§ What is being asked
Retype each line of the material exactly, please, skipping any picture in it.

§ Supplied information
+ + +

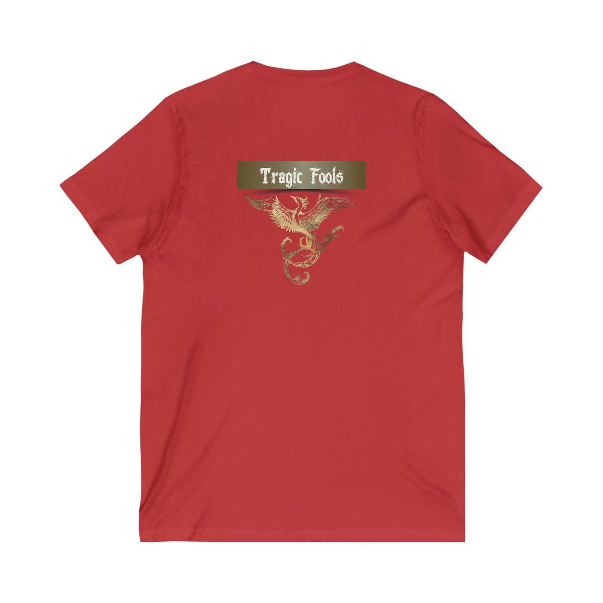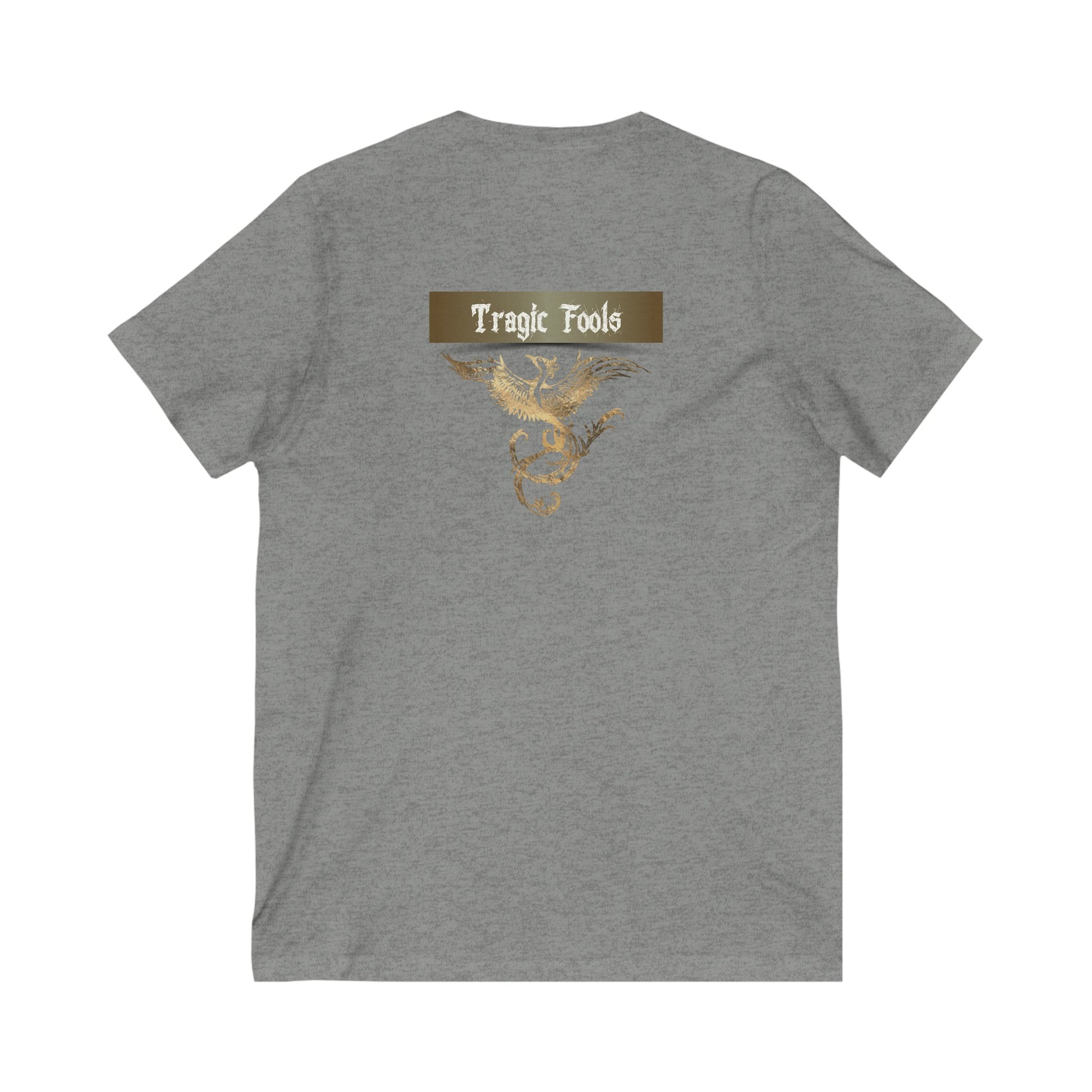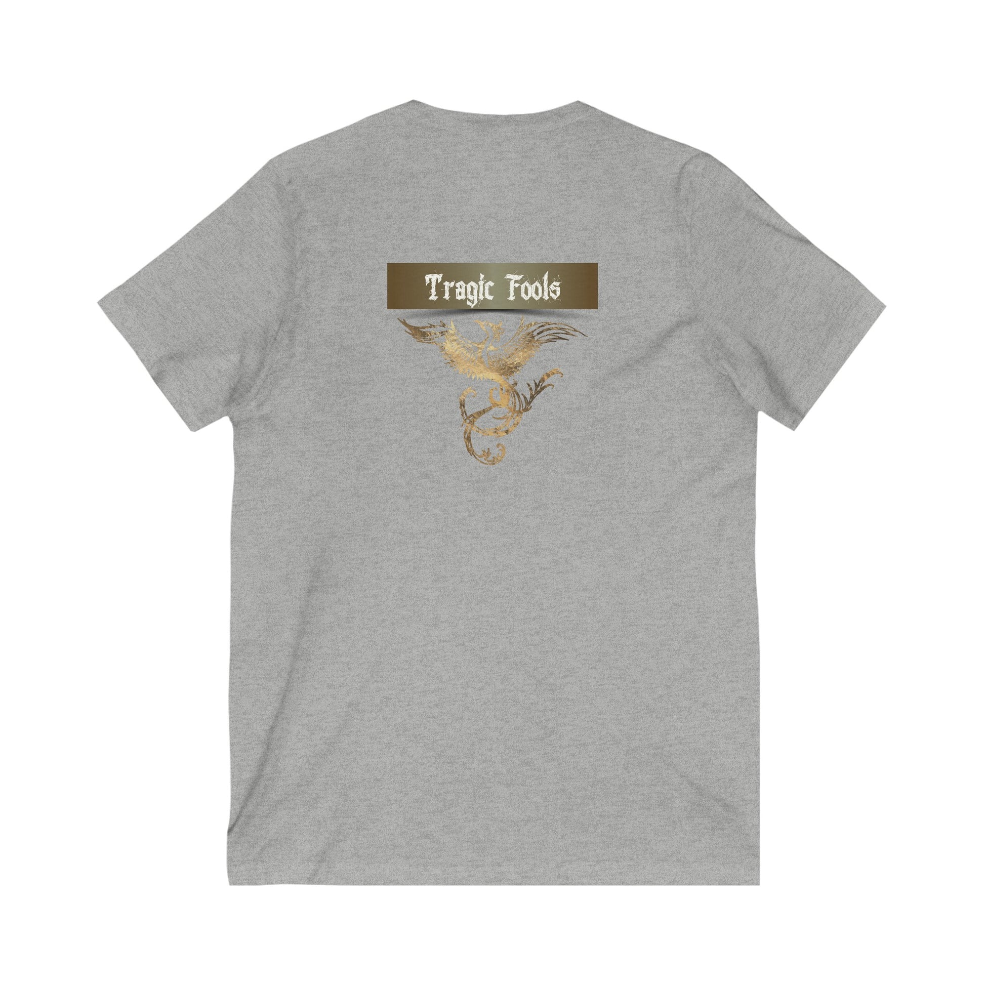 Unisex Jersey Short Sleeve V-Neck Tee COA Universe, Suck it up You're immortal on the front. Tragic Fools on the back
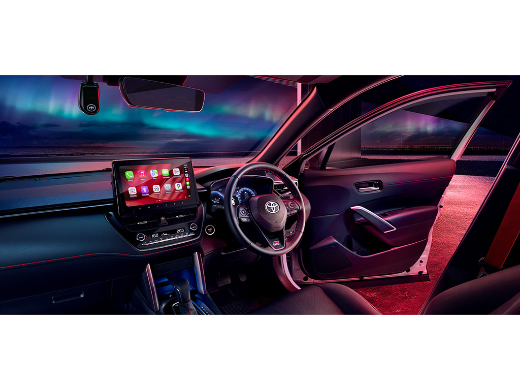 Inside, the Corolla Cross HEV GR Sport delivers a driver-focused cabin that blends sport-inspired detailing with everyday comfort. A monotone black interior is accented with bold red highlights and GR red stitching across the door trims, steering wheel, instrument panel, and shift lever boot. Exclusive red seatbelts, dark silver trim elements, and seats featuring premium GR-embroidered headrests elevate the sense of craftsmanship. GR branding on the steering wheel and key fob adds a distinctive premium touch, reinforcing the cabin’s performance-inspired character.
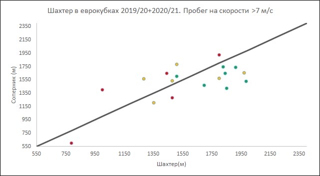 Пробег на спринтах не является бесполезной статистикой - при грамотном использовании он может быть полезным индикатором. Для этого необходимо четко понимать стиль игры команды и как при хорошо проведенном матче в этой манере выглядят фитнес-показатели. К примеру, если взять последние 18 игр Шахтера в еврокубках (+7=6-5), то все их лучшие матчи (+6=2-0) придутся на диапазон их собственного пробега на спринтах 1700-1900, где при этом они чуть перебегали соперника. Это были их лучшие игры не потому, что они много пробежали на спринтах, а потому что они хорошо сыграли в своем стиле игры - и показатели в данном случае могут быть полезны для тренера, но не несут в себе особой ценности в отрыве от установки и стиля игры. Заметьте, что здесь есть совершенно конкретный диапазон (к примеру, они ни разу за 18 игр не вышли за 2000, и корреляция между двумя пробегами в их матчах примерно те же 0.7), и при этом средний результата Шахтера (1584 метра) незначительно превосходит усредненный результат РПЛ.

+ + +

§ Output below
 Unisex Jersey Short Sleeve V-Neck Tee COA Universe, Suck it up You're immortal on the front. Tragic Fools on the back
 Inside, the Corolla Cross HEV GR Sport delivers a driver-focused cabin that blends sport-inspired detailing with everyday comfort. A monotone black interior is accented with bold red highlights and GR red stitching across the door trims, steering wheel, instrument panel, and shift lever boot. Exclusive red seatbelts, dark silver trim elements, and seats featuring premium GR-embroidered headrests elevate the sense of craftsmanship. GR branding on the steering wheel and key fob adds a distinctive premium touch, reinforcing the cabin’s performance-inspired character.
 Пробег на спринтах не является бесполезной статистикой - при грамотном использовании он может быть полезным индикатором. Для этого необходимо четко понимать стиль игры команды и как при хорошо проведенном матче в этой манере выглядят фитнес-показатели. К примеру, если взять последние 18 игр Шахтера в еврокубках (+7=6-5), то все их лучшие матчи (+6=2-0) придутся на диапазон их собственного пробега на спринтах 1700-1900, где при этом они чуть перебегали соперника. Это были их лучшие игры не потому, что они много пробежали на спринтах, а потому что они хорошо сыграли в своем стиле игры - и показатели в данном случае могут быть полезны для тренера, но не несут в себе особой ценности в отрыве от установки и стиля игры. Заметьте, что здесь есть совершенно конкретный диапазон (к примеру, они ни разу за 18 игр не вышли за 2000, и корреляция между двумя пробегами в их матчах примерно те же 0.7), и при этом средний результата Шахтера (1584 метра) незначительно превосходит усредненный результат РПЛ.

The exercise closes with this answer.